34 The Commonwealth has chosen not to answer any of Mr Spencer's allegations about Mr Gouliaditis and the alleged impact on the way this proceeding was conducted on behalf of the Commonwealth, other than to submit the allegations are irrelevant to the exercise of the costs discretion. Nor has the Commonwealth provided any evidence about this matter, in its reply to Mr Spencer's submissions.
35 There is currently an insufficient evidentiary basis on which the Court could make positive findings in favour of any of Mr Spencer's allegations about the impact he alleges Mr Gouliaditis' conduct (which led to the criminal charges against him and his subsequent conviction) had on the manner in which this proceeding was conducted on behalf of the Commonwealth. There does appear to be considerable overlap in timing, and Mr Spencer deposes expressly to his own observations of Mr Gouliaditis in court on various occasions, and gives descriptions which are not favourable to Mr Gouliaditis in terms of the way one might expect an officer of this Court to perform his duties. It was not unreasonable for Mr Spencer to raise these matters on the question of costs, and my inability to resolve them because of insufficient evidence contributes to my inability to reach a clear view that it is appropriate for Mr Spencer to bear the entire costs burden of this period.
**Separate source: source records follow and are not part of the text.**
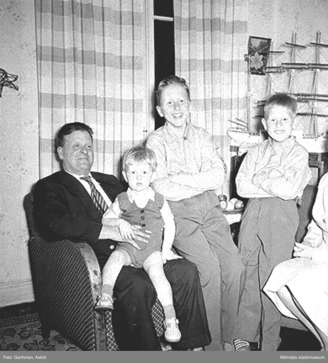 Hemma hos familjen Garthman. Från vänster; pappa Helmer med Jerry i knät, Leif-Åke, Alf och mamma Astrid. Familjen bodde på Barnhemsgatan 21, 1 rum och kök med kammare, år 1958.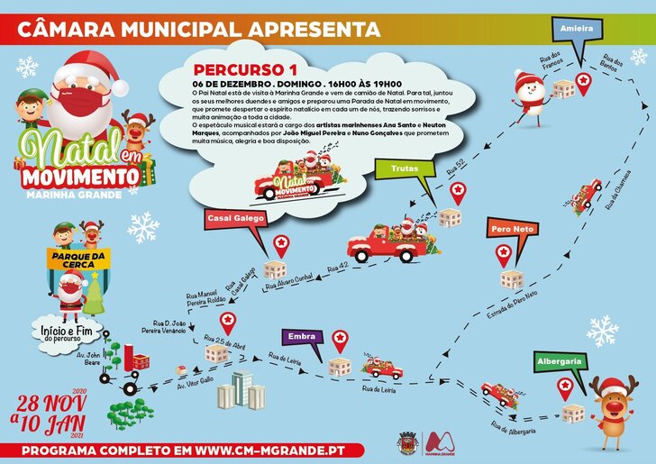 O Pai Natal está de visita à Marinha Grande e vem de camião de Natal. Para tal, juntou os seus melhores duendes e amigos e preparou uma Parada de Natal em movimento, que promete despertar o espírito natalício em cada um de nós, trazendo sorrisos e muita animação a toda a cidade.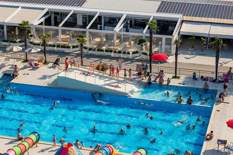 Den Feriengästen stehen ein Kinderpool mit Rutschbahn, ein halbolympischer Pool für Erwachsene, ein Babybecken mit sehr geringer tiefe und ein Whirlpool zur Verfügung. Der Whirlpool garantiert den erwachsenen Gästen die komplette Entspannung. Es werden zahlreiche Schwimmkurse und Sportaktivitäten durch das Animationsteam durchgeführt. Zur Erholung stehen grosse Liegeflächen mit Liegen und Sonnenschirmen zur Verfügung.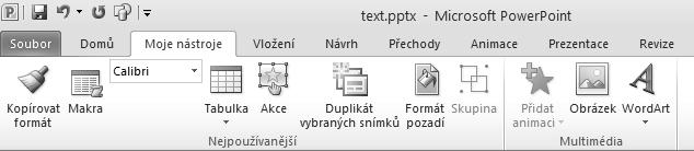 Poznámka: Novinky, kterými je vybavena aplikace Microsoft PowerPoint 2010, jsou popsány v samostatné kapitole Novinky verze 2010.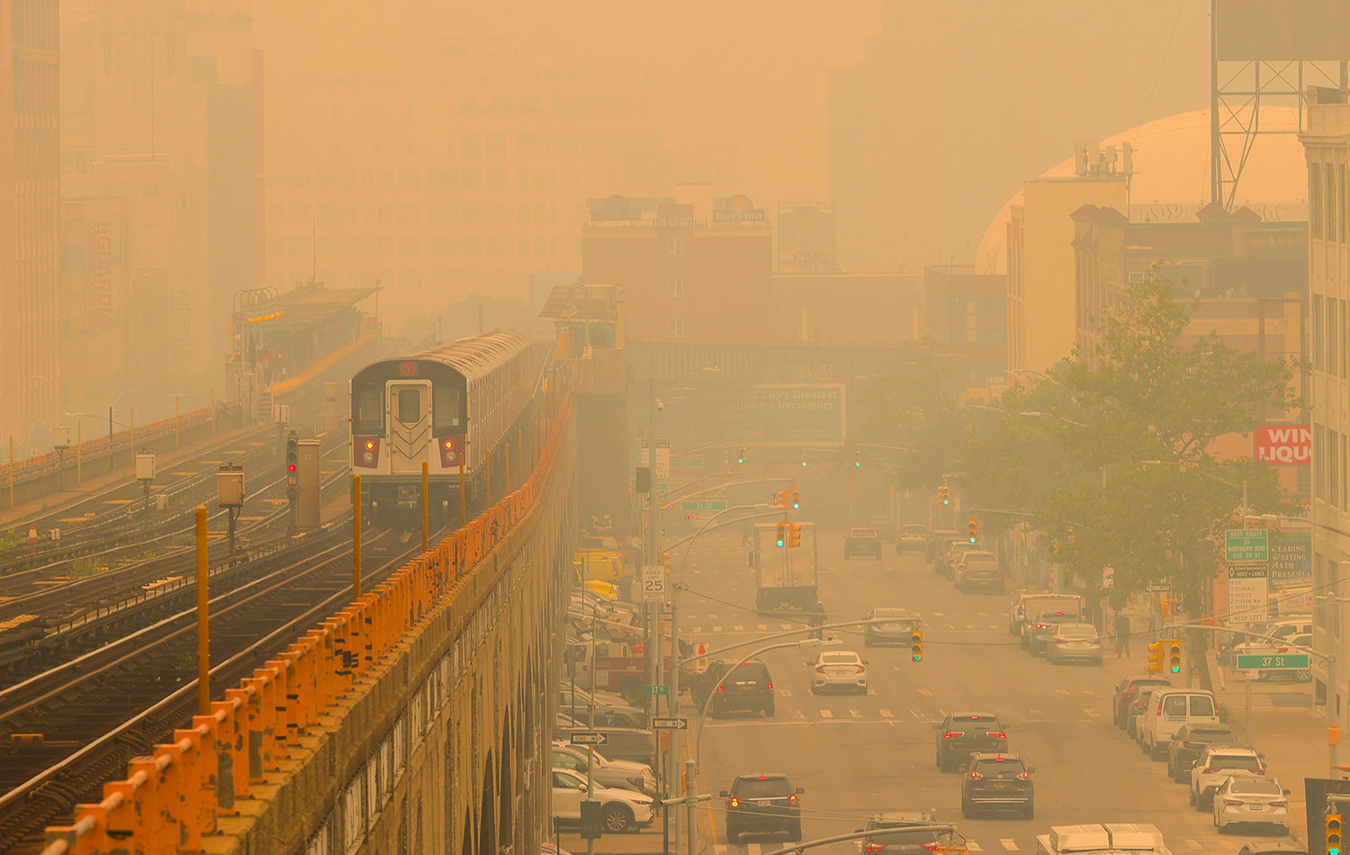 ABD hükümetine bağlı AirNow sitesi, New York şehri ve civarında hava kalitesi seviyesini turuncu renkten 165 kırmızı renge çıkardı.

36 In order to attempt to form a view about what Mr Spencer submitted the High Court said concerning the discovery process in this proceeding, I have read the transcript of argument before the High Court on 16 June 2010. It is true to say that in argument, several Justices asked questions about the discovery process, generally directed, it seems to me, to attempt to understand how the "informal agreement" argument had been pleaded and put, if at all, to that point and what obligations the Commonwealth might have had, at the time of the s 31A application, to make discovery. Ultimately, as part of its consideration of the application for special leave to appeal, the High Court required copies of all notices to produce (the matter being at a stage before Emmett J where it was too early for orders for discovery as such) served by the applicant on the Commonwealth to be provided to the Court. As it turned out, in its reasons for judgment, the Court did not refer to the notices to produce.
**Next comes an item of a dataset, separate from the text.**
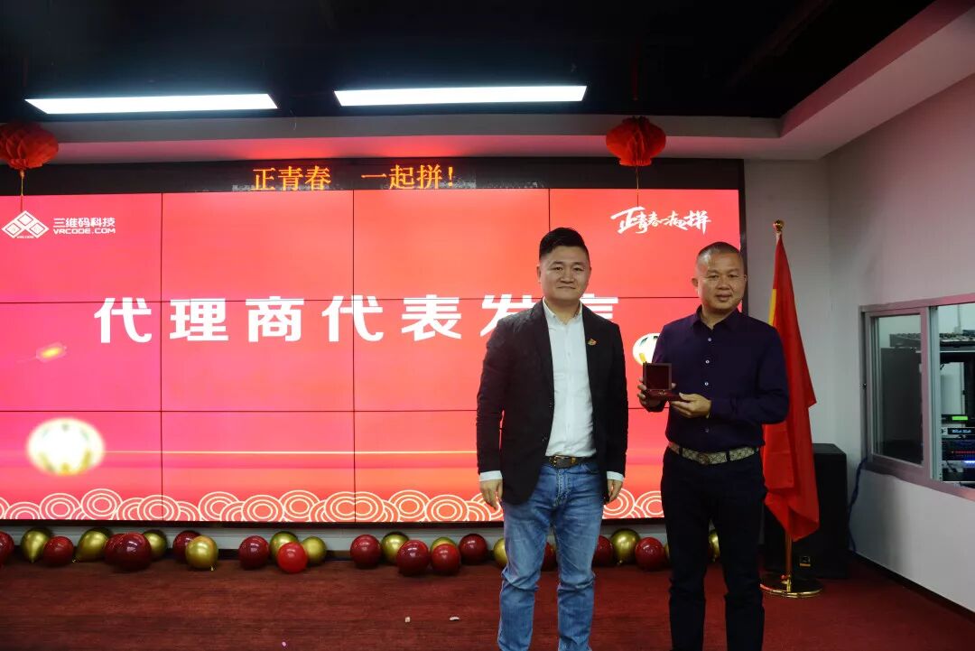 此次年终总结邀请到优秀代理商代表泉州市级代理和漳州市级代理,他们做为第一批区域代理商加入三维码大家庭,一路披荆斩棘,仍激情满怀,为此授予他们纯银荣誉胸徽及卡地亚铂金经典戒指,感谢他们一路以来的支持与相伴。

37 In those circumstances, Mr Spencer's current submission that the High Court "considered that the Commonwealth's lawyers had conducted its defence in an unreasonable manner" finds no support in the transcript, nor in the Court's reasons for judgment. What can be said is that, in argument, it was apparent that issues of discovery and production of documents were raised by the Court, and considered to have some relevance to the issues on the special leave application. As the Court recognised in its reasons (see Spencer [2010] HCA 28; 241 CLR 118 at [31] and [48]), discovery or production of documentary evidence supporting the allegations of an informal agreement was always going to be critical to this aspect of Mr Spencer's case.
38 Overall that leaves the evidence in an unsatisfactory and uncertain state, and no clear picture emerges of where responsibility lies for the manner in which the proceeding was conducted between the remitter to Emmett J and approximately April 2014.